Fjeldstad Heidi E, Jacobsen Daniel P, Johnsen Guro M, Sugulle Meryam, Chae Angel, Kanaan Sami B, Gammill Hilary S, Staff Anne Cathrine
Faculty of Medicine, University of Oslo, Norway; Division of Obstetrics and Gynaecology, Oslo University Hospital, Oslo, Norway.
Division of Obstetrics and Gynaecology, Oslo University Hospital, Oslo, Norway.
J Reprod Immunol. 2024 Mar;162:104206. doi: 10.1016/j.jri.2024.104206. Epub 2024 Jan 20.
Fetal microchimerism (FMc) arises when fetal cells enter maternal circulation, potentially persisting for decades. Increased FMc is associated with fetal growth restriction, preeclampsia, and anti-angiogenic shift in placenta-associated proteins in diabetic and normotensive term pregnancies. The two-stage model of preeclampsia postulates that placental dysfunction causes such shift in placental growth factor (PlGF) and soluble fms-like tyrosine kinase-1 (sFLt-1), triggering maternal vascular inflammation and endothelial dysfunction. We investigated whether anti-angiogenic shift, fetal sex, fetal growth restriction, and severe maternal hypertension correlate with FMc in hypertensive disorders of pregnancy with new-onset features (n = 125). Maternal blood was drawn pre-delivery at > 25 weeks' gestation. FMc was detected by quantitative polymerase chain reaction targeting paternally inherited unique fetal alleles. PlGF and sFlt-1 were measured by immunoassay. We estimated odds ratios (ORs) by logistic regression and detection rate ratios (DRRs) by negative binomial regression. PlGF correlated negatively with FMc quantity (DRR = 0.2, p = 0.005) and female fetal sex correlated positively with FMc prevalence (OR = 5.0, p < 0.001) and quantity (DRR = 4.5, p < 0.001). Fetal growth restriction no longer correlated with increased FMc quantity after adjustment for correlates of placental dysfunction (DRR = 1.5, p = 0.272), whereas severe hypertension remained correlated with both FMc measures (OR = 5.5, p = 0.006; DRR = 6.3, p = 0.001). Our findings suggest that increased FMc is independently associated with both stages of the two-stage preeclampsia model. The association with female fetal sex has implications for microchimerism detection methodology. Future studies should target both male and female-origin FMc and focus on clarifying which placental mechanisms impact fetal cell transfer and how FMc impacts the maternal vasculature.

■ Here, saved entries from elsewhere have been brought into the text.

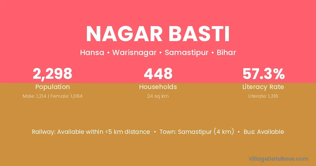 Samastipur (4 km) is the nearest town to Nagar Basti village for major economic activities and is located approximately 4 km away.
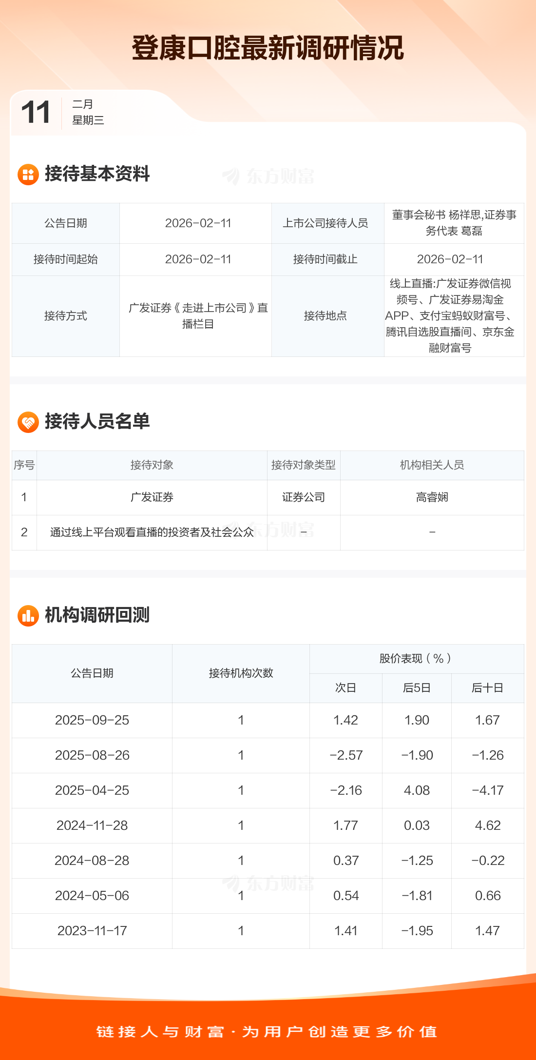 登康口腔2月11日公告称,2月11日接待广发证券等2家机构调研。接待人员包括董事会秘书 杨祥思,证券事务代表 葛磊。
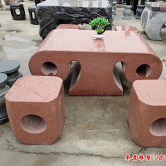 大象造型石桌凳晚霞紅石桌石凳雕塑
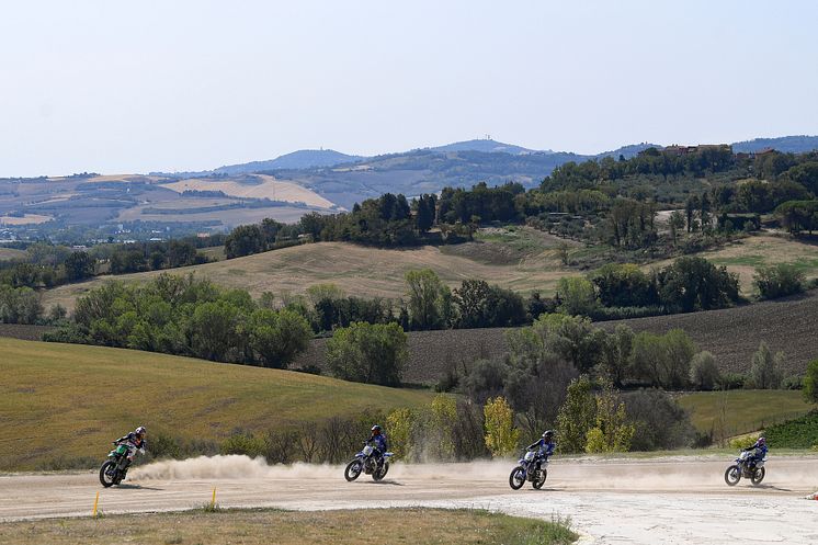 主な内容は、YZ250F によるVR46モーターランチのフラットトラック走行、同MXコースでYZ125を使ったソフトクロス。またポンポーサ・サーキットでYZF-R3を、スーパーモト・ジーパーズ・パークでYZ85を走らせる予定です。VR46 Riders Academyの先輩ライダーらから個人指導を受ける機会も用意しています。
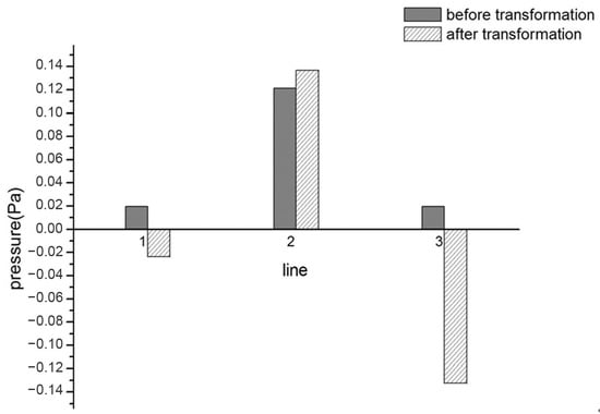 Figure 9 shows the average pressure change histogram on the three observation lines before and after the transformation. It can be seen that the moderate wind pressure at points on L1 and L3 has changed from positive to negative values, and significantly, L3 decreases the most. This is related to the impact of L3 on buildings, so corresponding measures should be taken in the area where L3 is located.
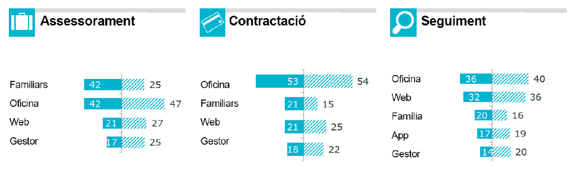 Tot i ser la generació de les noves tecnologies (tenen de mitjana tres dispositius electrònics), els canals que més utilitzen els millennials per assessorar-se sobre productes d'estalvi són familiars i oficines, en tots dos casos en un 42%. Així i tot, afirmen que preferirien fer servir més del que ho fan el web (25%) i un gestor (25%).

当胎儿细胞进入母体循环时会出现胎儿微嵌合体(FMc),其可能会持续数十年。FMc增加与胎儿生长受限、先兆子痫以及糖尿病和血压正常的足月妊娠中胎盘相关蛋白的抗血管生成转变有关。先兆子痫的两阶段模型假定胎盘功能障碍会导致胎盘生长因子(PlGF)和可溶性fms样酪氨酸激酶-1(sFLt-1)发生这种转变,从而引发母体血管炎症和内皮功能障碍。我们调查了抗血管生成转变、胎儿性别、胎儿生长受限和严重母体高血压是否与具有新发特征的妊娠高血压疾病中的FMc相关(n = 125)。在妊娠>25周时分娩前采集母体血液。通过靶向父系遗传的独特胎儿等位基因的定量聚合酶链反应检测FMc。通过免疫测定法测量PlGF和sFlt-1。我们通过逻辑回归估计比值比(OR),通过负二项回归估计检测率比(DRR)。PlGF与FMc数量呈负相关(DRR = 0.2,p = 0.005),女性胎儿性别与FMc患病率呈正相关(OR = 5.0,p < 0.001)和数量(DRR = 4.5,p < 0.001)。在调整胎盘功能障碍的相关因素后,胎儿生长受限与FMc数量增加不再相关(DRR = 1.5,p = 0.272),而严重高血压与两种FMc测量指标均相关(OR = 5.5,p = 0.006;DRR = 6.3,p = 0.001)。我们的研究结果表明,FMc增加与先兆子痫两阶段模型的两个阶段均独立相关。与女性胎儿性别的关联对微嵌合体检测方法有影响。未来的研究应针对男性和女性来源的FMc,并专注于阐明哪些胎盘机制影响胎儿细胞转移以及FMc如何影响母体血管系统。